According to the above results, there are still leaks. The leak type belongs to "still reachable". For such leaks, I checked them online:

Memory leakage can be divided into two types:
One is that the program has a pointer to the memory applied through malloc or new, but it has not been withdrawn before the program ends. If the memory is continuously increased, the memory may be exhausted. However, after the program ends, the system automatically recycles the memory.
Another is the memory applied through malloc or new, but there is no pointer in the program to the requested memory. The program has been running, causing more and more leaked memory, which may exhaust the heap memory of the program.

In the valgrind Report, the first memory leakage is represented as "still reachable ".
For memory leakage in the second case, the valgrind report indicates "Directly lost and Indirectly lost"
In addition, for the "possibly lost" in the valgrind report, the pointer does not point to the beginning of the application heap. For example, the c ++ string has the memory pool concept.

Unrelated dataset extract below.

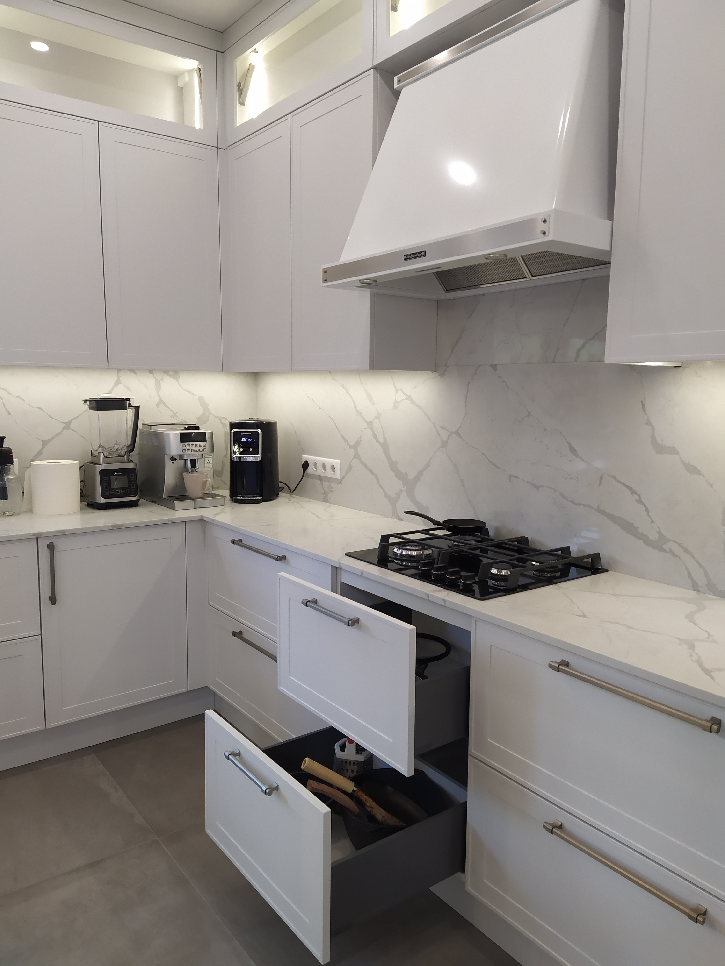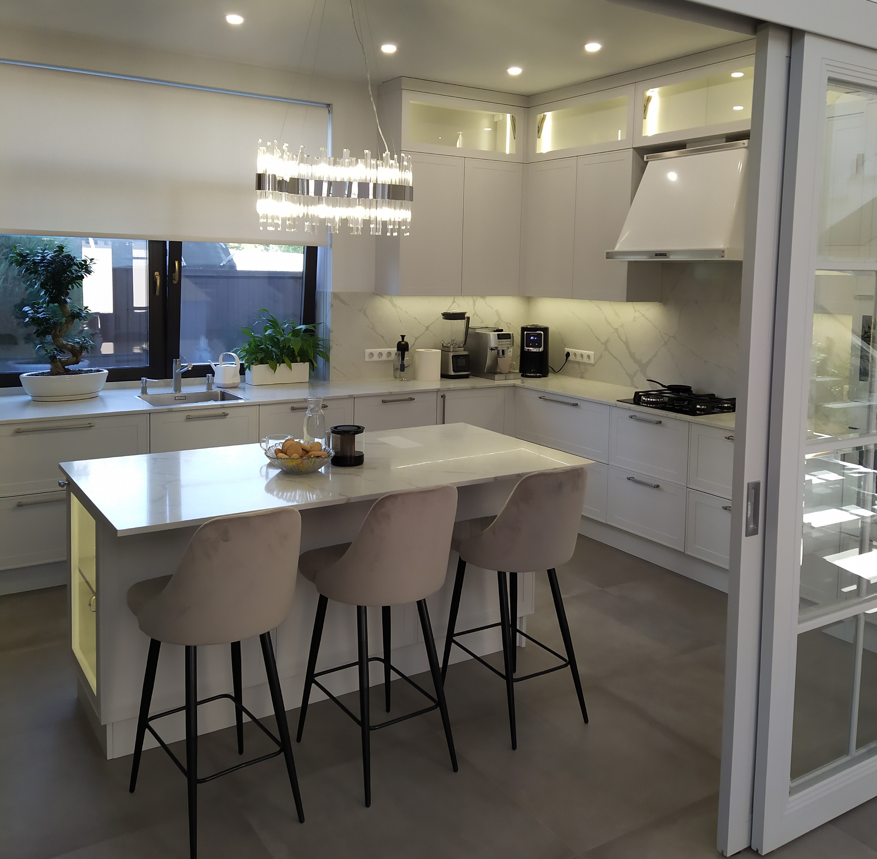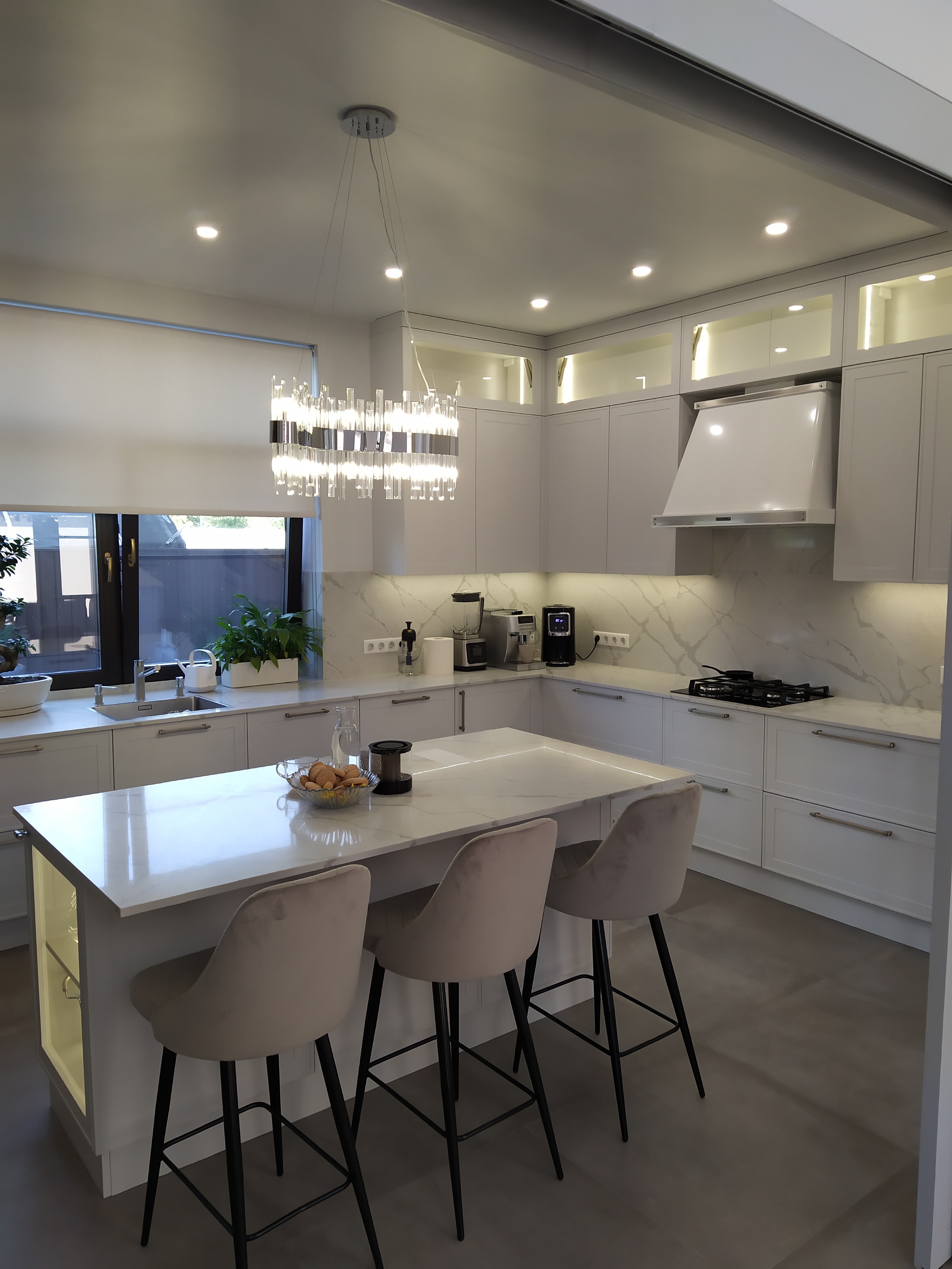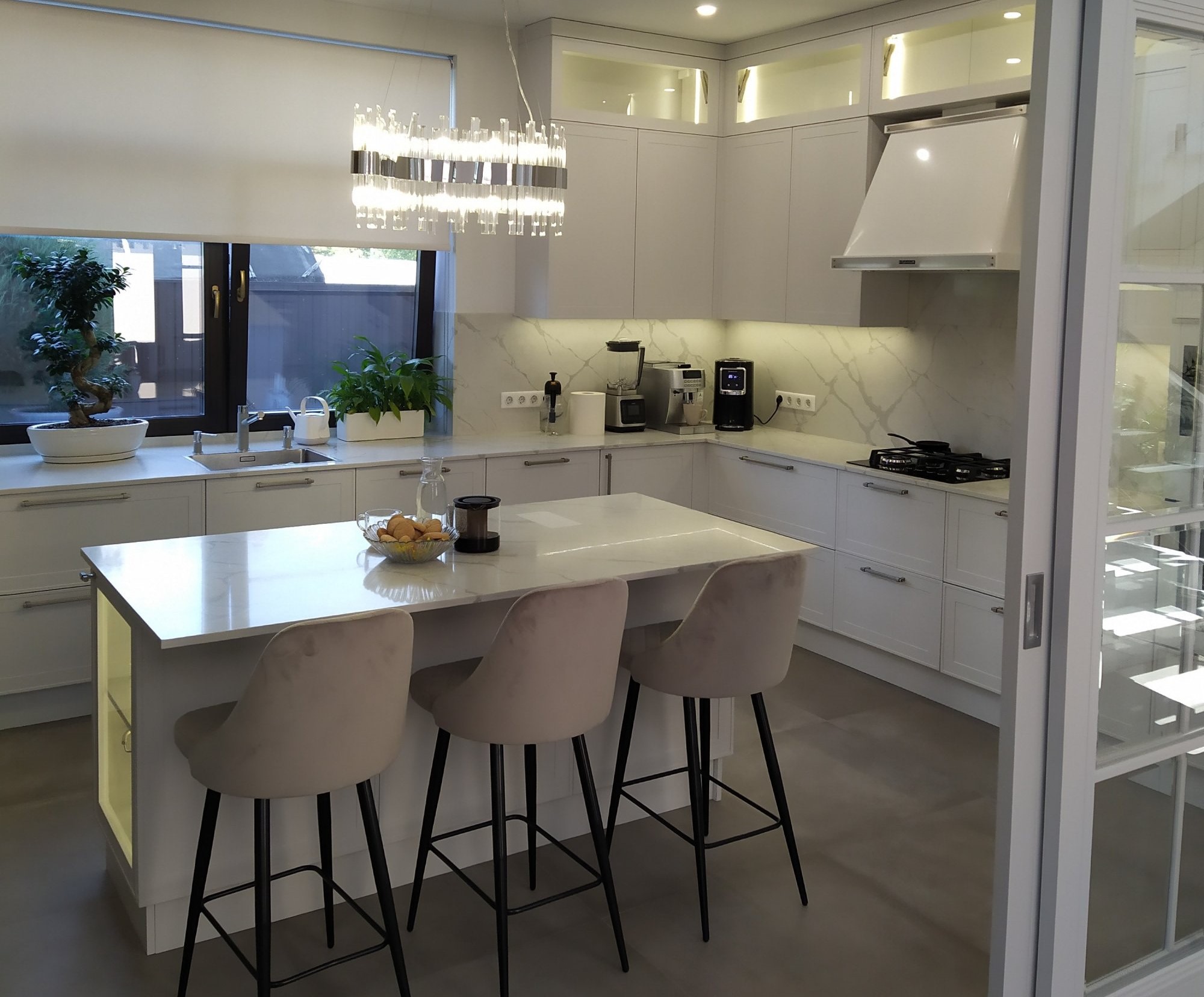 Кухня угловая Эмаль белая с островом

If the program uses a string and exits abnormally (for example, use the ctrl + c shortcut to terminate the Program), "possibly lost" is reported ".

According to the above analysis, the memory leakage of the "still reachable" type does not affect the memory. After the program ends, it will automatically recycle them. However, you can also clear the static member pointer memory of this class and delete [] Test: m_pSZ directly in main.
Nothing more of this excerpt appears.